All that is wanted is the exact text of the lines below from the one with "This 3 Card" through the one with "Yurttaş TV'ye konuşan", inclusive, minus any pictures.

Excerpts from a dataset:
-- Opening Marker --

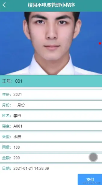 在教师缴费页面可以填写年份、月份、工号、姓名、照片、寝室、类型、用量、金额、日期、是否支付等信息,并可根据需要对教师缴费进行支付,如图5-12所示。
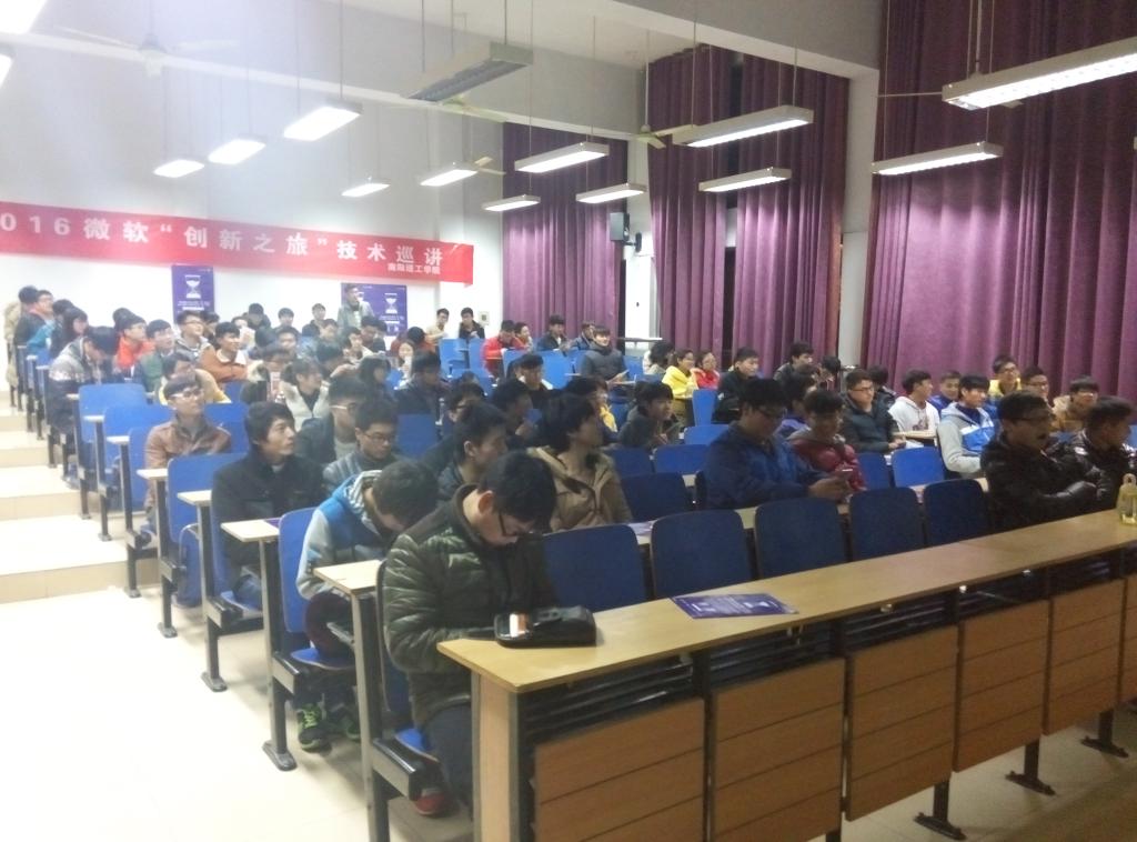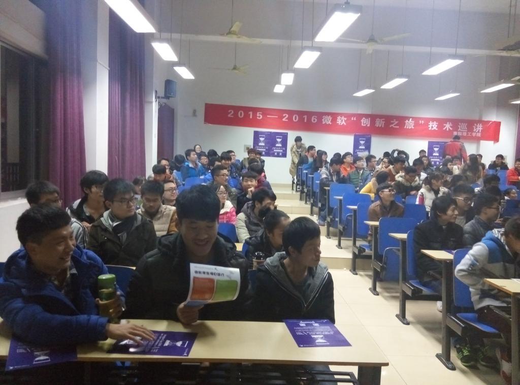 12月7号356体育在线官网软件学院在14#106教室成功举办了2015-2016年微软创新杯校园之旅活动。本次活动由微软中国有限公司主办,356体育在线官网软件学院承办,由微软教研室协办。该活动得到了校方的肯定和支持。
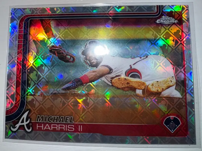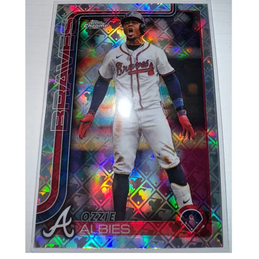 This 3 Card Lot Includes: Wes Parsons 2015 Bowman Chrome Auto Michael Harris II 2025 Topps Chrome Logofractor Ozzie Albies 2025 Topps Chrome Logofractor
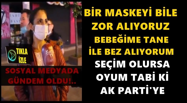 Yurttaş TV'ye konuşan kadın, "Bir maskeyi bile zor alıyoruz. Benim mesela bebeğim var, tane tane bez alıyorum. Çocuğuma ucuz bez arıyorum. Bunun ötesi var mı, yok" dedikten sonra seçim olursa oyunu AKP'ye vereceğini söylüyor.
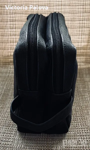 Удобна и вместителна чанта-несесер с две отделения с ципове и един външен джоб с цип, широчина - 26см, височина - 18см, дъното - 26см на 10см. Кожата е мека и гладка. Чантата е подходяща за мъже и жени.
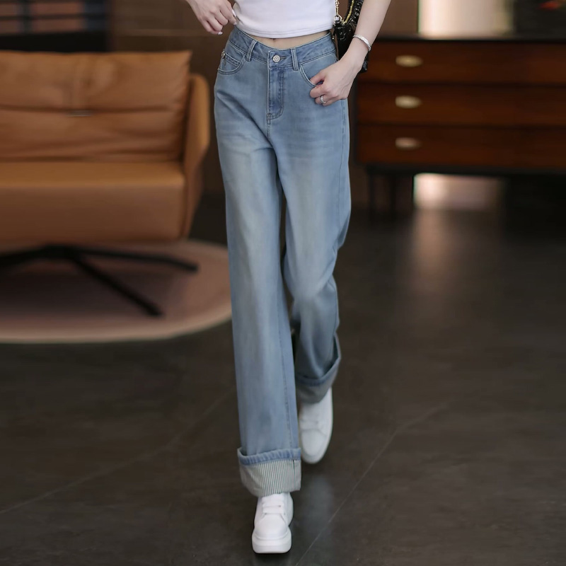 女夏薄款 子夏季 2025新款 阔腿裤 高腰显瘦慵懒风窄版 卷边直筒牛仔裤
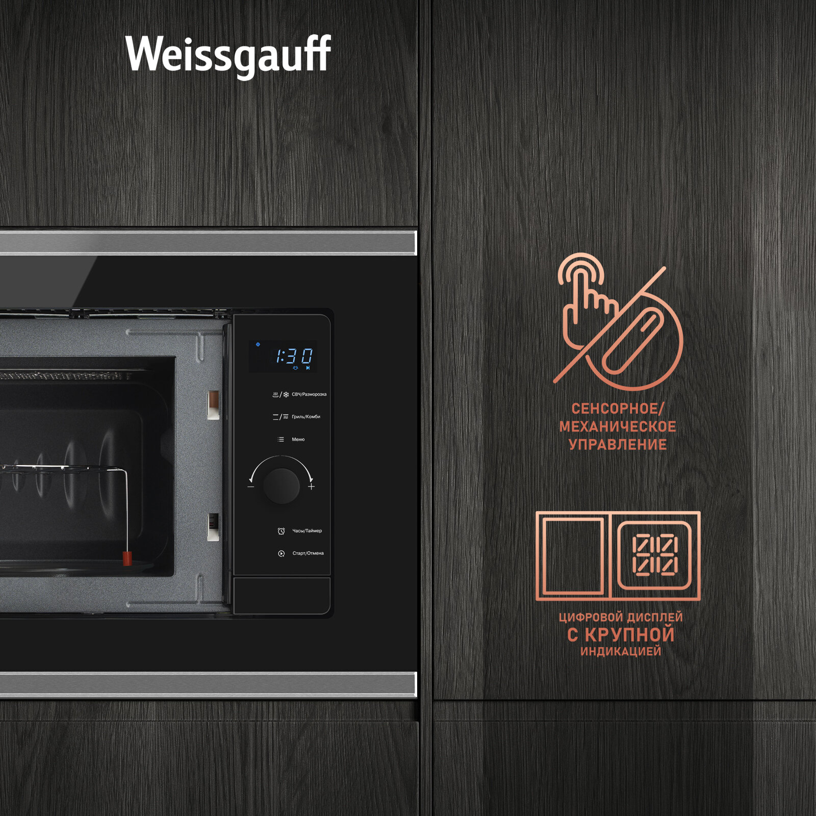 Встраиваемая микроволновая печь Weissgauff HMT-720 BX Grill 3 года гарантии, объем 20 литров, гриль, разморозка по весу, Блокировка от детей информация:
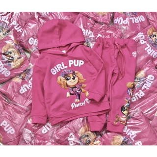Set bộ nỉ da cá có mũ chó đội trưởng cho bé gái màu hồng
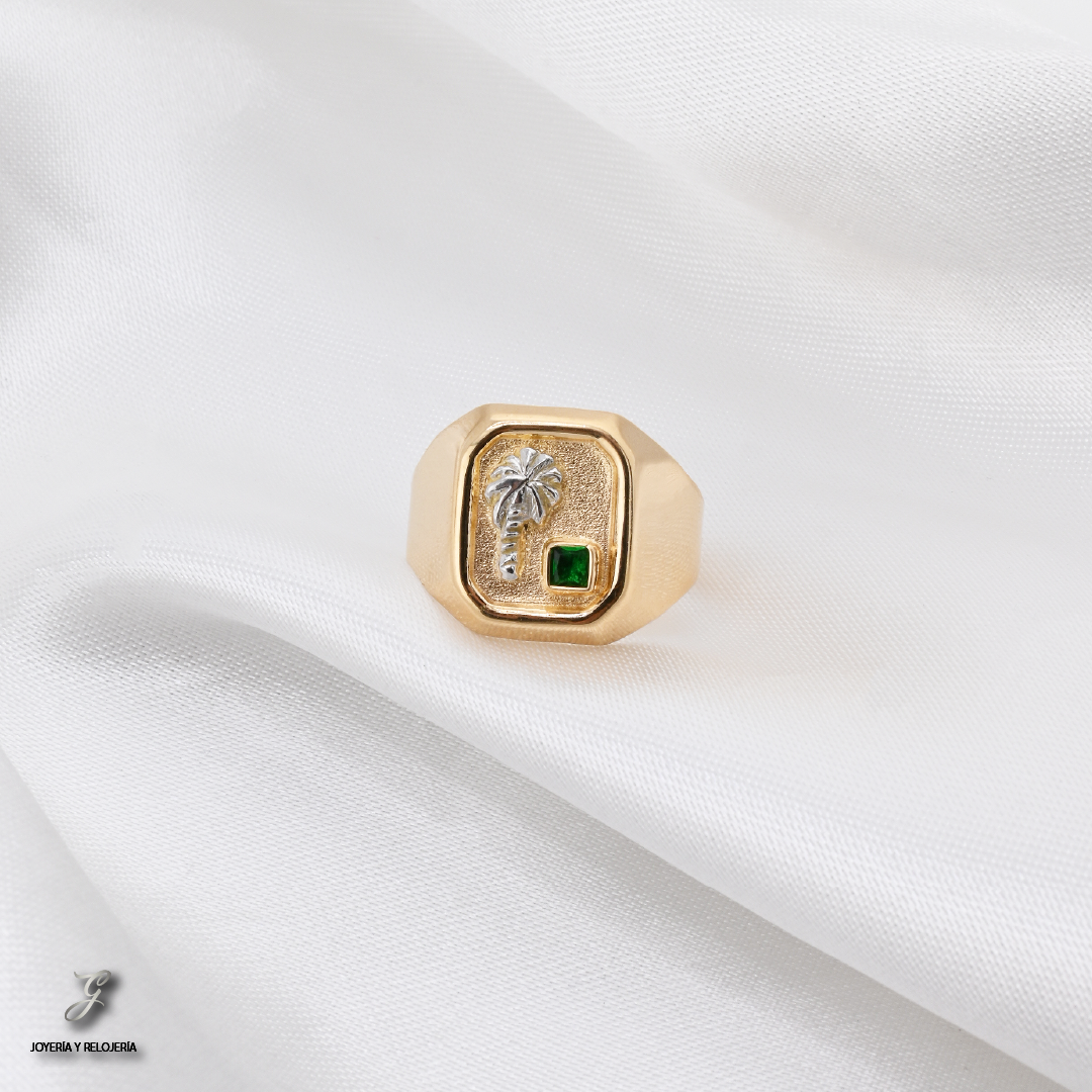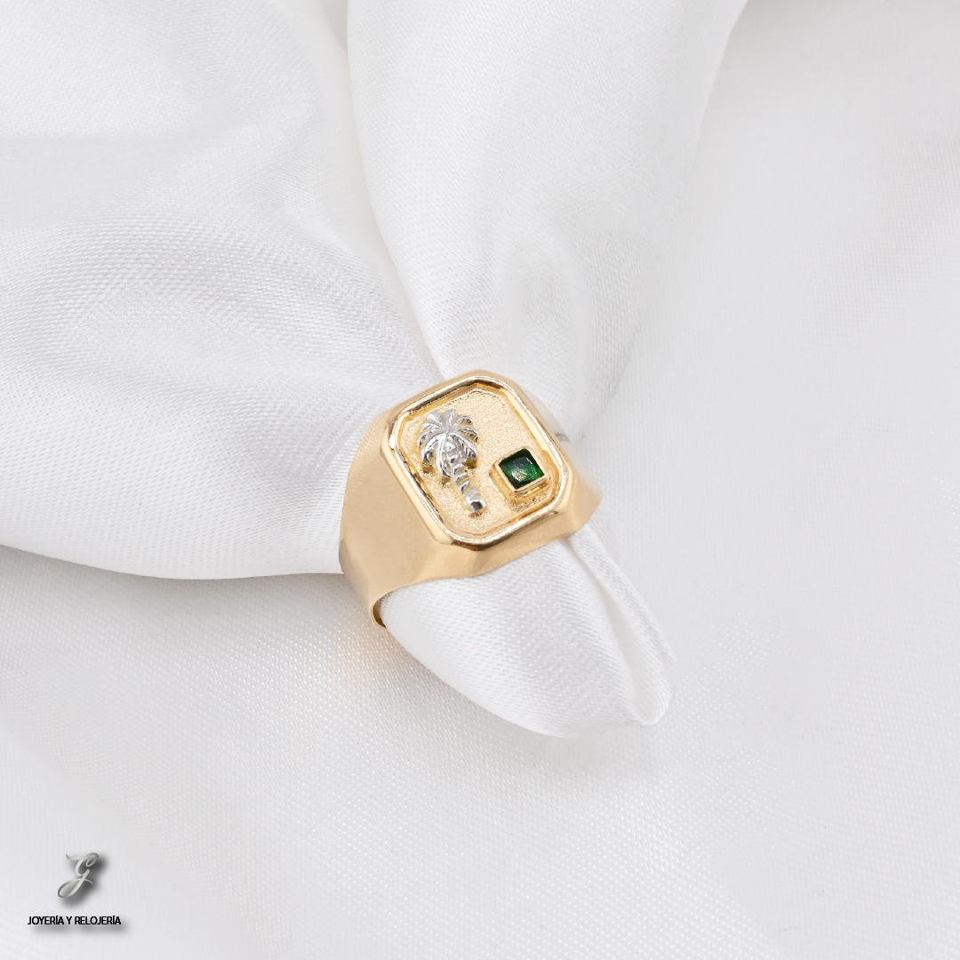 ¡El accesorio perfecto para el caballero con espíritu de aventura! 🏝️ El Anillo Hombre Caribe es una pieza que combina un diseño clásico con un toque exótico. Elaborado en oro 18K bicolor (amarillo y blanco), Ley 730, su parte superior presenta una delicada palmera junto a un vibrante circón verde de alta calidad con corte cuadrado. Este anillo es ideal para el hombre que busca una joya que refleje su personalidad única y sofisticada.

-- Closing Marker --

RESULT:
 This 3 Card Lot Includes: Wes Parsons 2015 Bowman Chrome Auto Michael Harris II 2025 Topps Chrome Logofractor Ozzie Albies 2025 Topps Chrome Logofractor
 Yurttaş TV'ye konuşan kadın, "Bir maskeyi bile zor alıyoruz. Benim mesela bebeğim var, tane tane bez alıyorum. Çocuğuma ucuz bez arıyorum. Bunun ötesi var mı, yok" dedikten sonra seçim olursa oyunu AKP'ye vereceğini söylüyor.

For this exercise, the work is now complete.